Question

A bacteria culture starts with 160 bacteria and grows at a rate proportional to its size. After 4 hours there will be 640 bacteria.
(a) Express the population after t hours as a function of t.

Answer 1

I got y=160 e^(t(In3.75/4))

Answer 2

) What will be the population after 5 hours?
i entered 5 into T

Answer 3

\[y=Ce^{kt}\]
You're told that \(C=160\), and that at \(t=4\) the population is 640. So, you have the equation
\[640=160e^{4k}\Rightarrow k=\frac{\ln2}{2}\]

Answer 4

so my equation was wrong....

Answer 5

how did you get this..?

Answer 6

it says i have to write equation : function of t)

Answer 7

\[640=160e^{4k}\\
4=e^{4k}\\
\ln4=4k\\
\frac{\ln4}{4}=k\\
\frac{\ln2^2}{4}=k\\
\frac{2\ln2}{4}=k\\
k=\frac{\ln2}{2}\]

Answer 8

For part a, you need to find the value of k.

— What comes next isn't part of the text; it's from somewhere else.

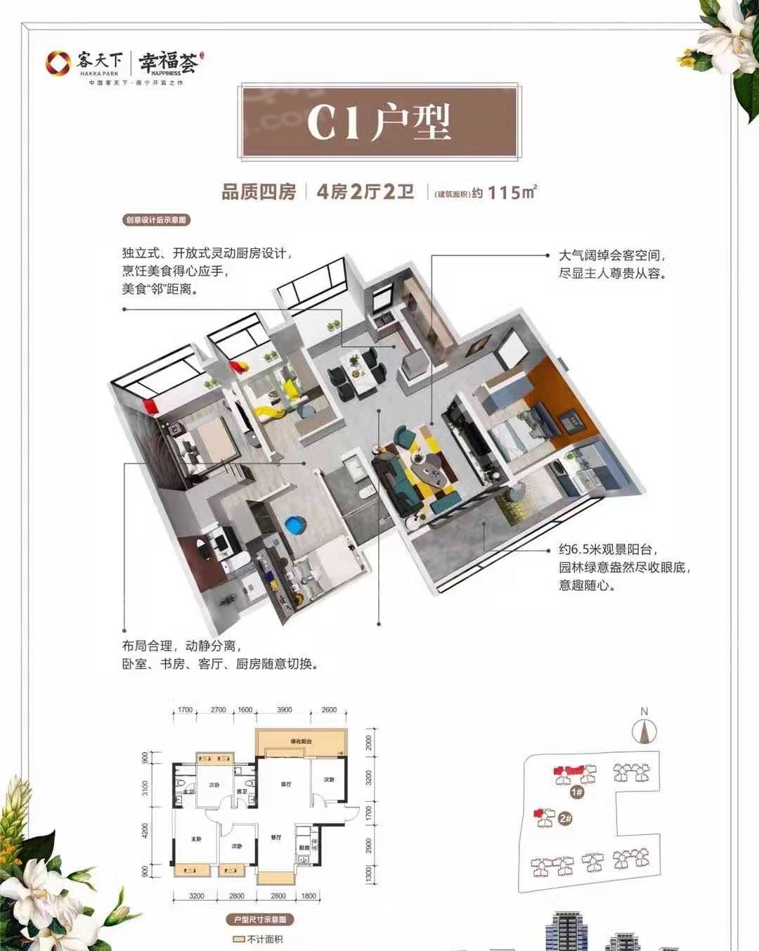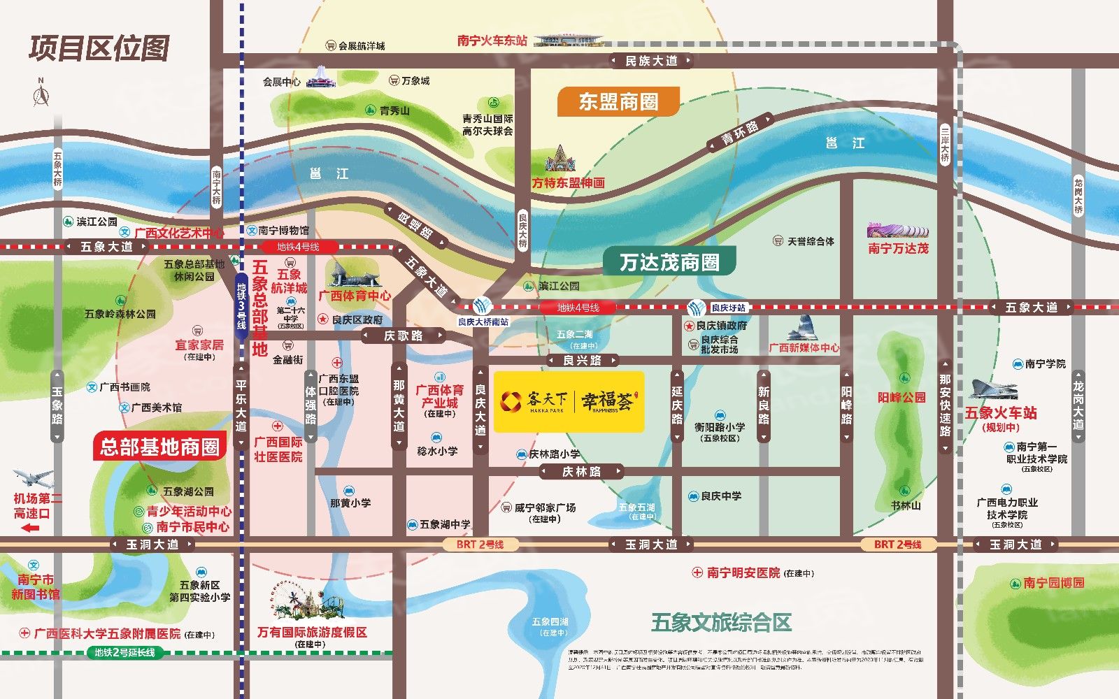 客天下幸福荟项目位于五象新区良庆桥南核心居住板块,良庆大桥桥头堡位置,人文气息浓厚,商圈配套完善,居住环境舒适。项目位于良庆大道主干道旁,毗邻地铁4号线良庆大桥南站(已开通),且目前区域主干“三纵两横”路网——五象大道、玉洞大道、平乐大道、那安快速路已基本建成,畅享立体交通系统带来的便捷,对内快速接驳城市各区,对外轻松通达周边城市。毗邻五象总部基地,附近有万达茂主题乐园、五象航洋城、恒大国际中心、宜家家居(在建)、三馆两街(三馆:广西美术馆、广西铜鼓博物馆、广西规划馆;三街:金融街、民族风情街、文化街)等。项目毗邻衡阳路小学、良庆中学、庆林路小学、五象湖中学等,医疗配套又广西国际壮医医院、广西医科大学五象附属医院(在建)、南宁明安医院(在建),享体育中心、市民中心、广西文化艺术中心、广西新媒体中心、五象湖公园、滨江公园等市政配套,各项配套资源优渥。

After that, you'll have both C and k, which you'll replace in the first equation I wrote:
\[\large y(t)=160e^{\frac{\ln2}{2}t}\]
Then use this to find the population at t = 5, i.e. \(y(5).\)

Answer 9

wht its become 4=e^4k?

Answer 10

\(640\div160=4\)

Answer 11

Oh I see haha the hardest one is the last question
c) How long will it take for the population to reach 1290 ?
Do i solve for t?

Answer 12

1290=160e(in2/2)(t)?

Answer 13

Yeah, that's it. Just make sure you know ln(2)/2 * t is in the exponent.